SWEDI is based on building OWL models confined within the scope of an experiment (Marshall et al., 2006). OWL enables the linking of small models to form a larger semantic web, hence a ‘bottom up’ approach. This ensures freedom for scientists to compose and extend models to their specific needs, such as, new (hypothetical) concepts that have yet to reach the level of consensus necessary for consortia-managed ontologies. In contrast, OBO models are being built ‘top-down’ by consortia to encompass an extensive number of concepts. Integration could be enhanced through the use of upper-bio-ontologies (Grenon et al., 2004; Rector and Rogers, 2004; Schulz et al., 2006) and the anticipated problems of merging many and divergent personalized frameworks can be circumvented by linking personalized frameworks via upper-bio-ontologies. Upper-bio-ontologies can also facilitate the introduction of new domains to the created formalized computational environment. These upper ontologies increasingly offer guidance on how to categorize new concepts. Careful use of them, and best practices should simplify the alignment of semantic models.

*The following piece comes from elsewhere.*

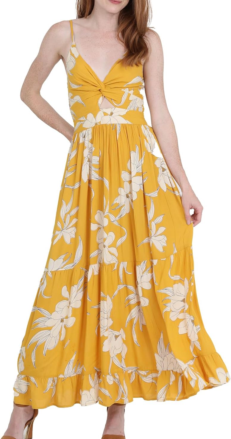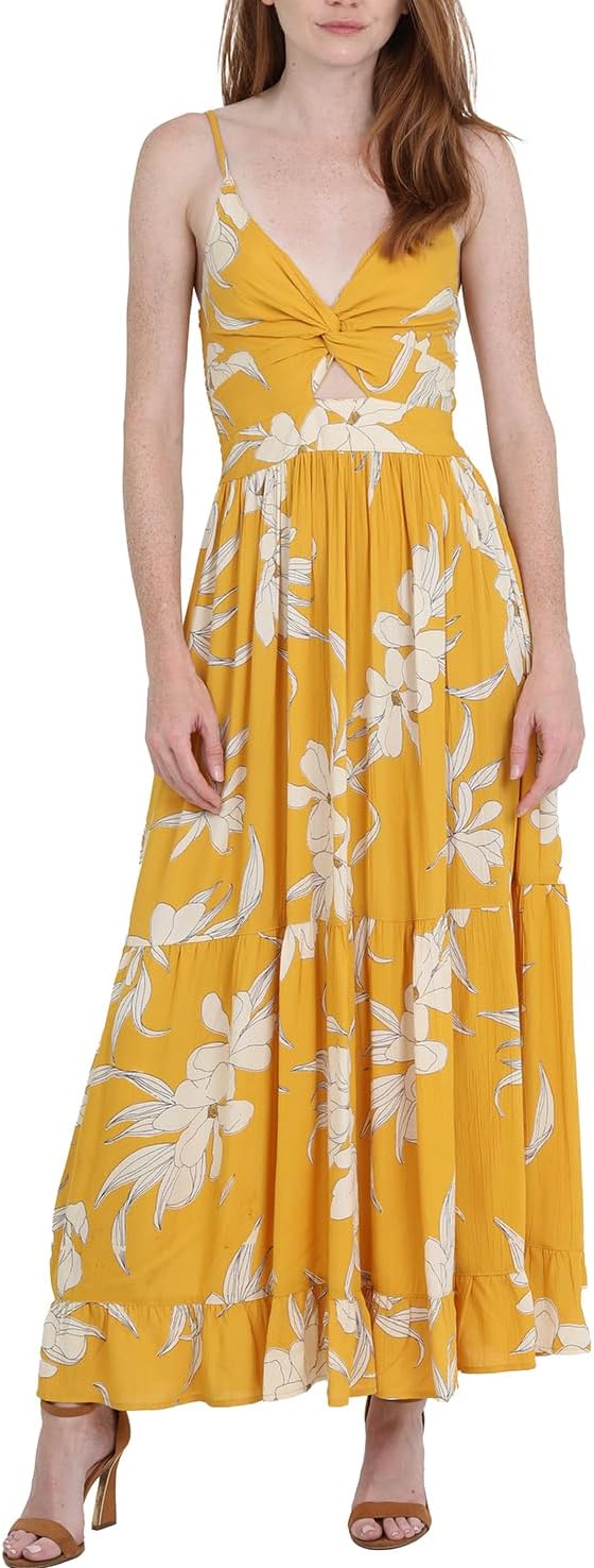 Angie Women's Peekaboo Tiered Maxi Dress features a gorgeous placement print. The twist front with peekaboo cutout is flattering and flirty. The loose fitted skirt adds comfort to the dress.
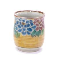 九谷焼のお洒落で便利なお湯呑です。 かわいいお花ーから明るいがく紫陽花です。 手描きでお伝えできる魅力を最大限にいかしました。 毎日に便利な洗いやすく飲みやすい形状でございます。 女性様の手ぴったりで165g前後の重量で違和感なくお持ちいただけます。 裏まで紫陽花柄が楽しめまる付です。 業界初高台つかない加工済みです。 温かみとやわらかさが特徴の土物でございます。 ふり(苧しのようなものでの絵の具を散らす技法)を使った淡く優しいお色です。 直径:6.8×高さ7.9cm 重量:165g前後 容量:170ml 梱包形態:化粧箱 |

Altogether our SWEDI approach is a first step towards a formalized computational environment for integrative bioinformatics experimentation. The modular nature of SWEDI in combination with the use of standardized semantic web formats ensures the extendibility and scalability of the approach. SWEDI can either be used to create bottom-up small personal semantic frameworks or (top–down) larger domain semantic frameworks. An important advantage of the use of semantic web repositories compared to relational databases is that their complete (meta)data models (i.e. data schemas) are described in a standardized language, which enhances transparency because they can be visualized and manipulated by nonproprietary tools. These schemas are also referenced by the query so that it is possible to examine any RDF query to discover precisely what it means, i.e. track data provenance. Where RDFS and OWL constructions are used, the corresponding reasoning can be applied to the data schemas, creating opportunities for innovative integrative bioinformatics experimentation. Furthermore, semantic web repositories can flexibly be accessed and modified, because many types of modifications require neither specialized knowledge about repository internals nor risky processes such as table migration. Finally, if upper ontologies and best practices are carefully applied in the smaller personal semantic frameworks, it will be possible to link them together into a functional semantic web.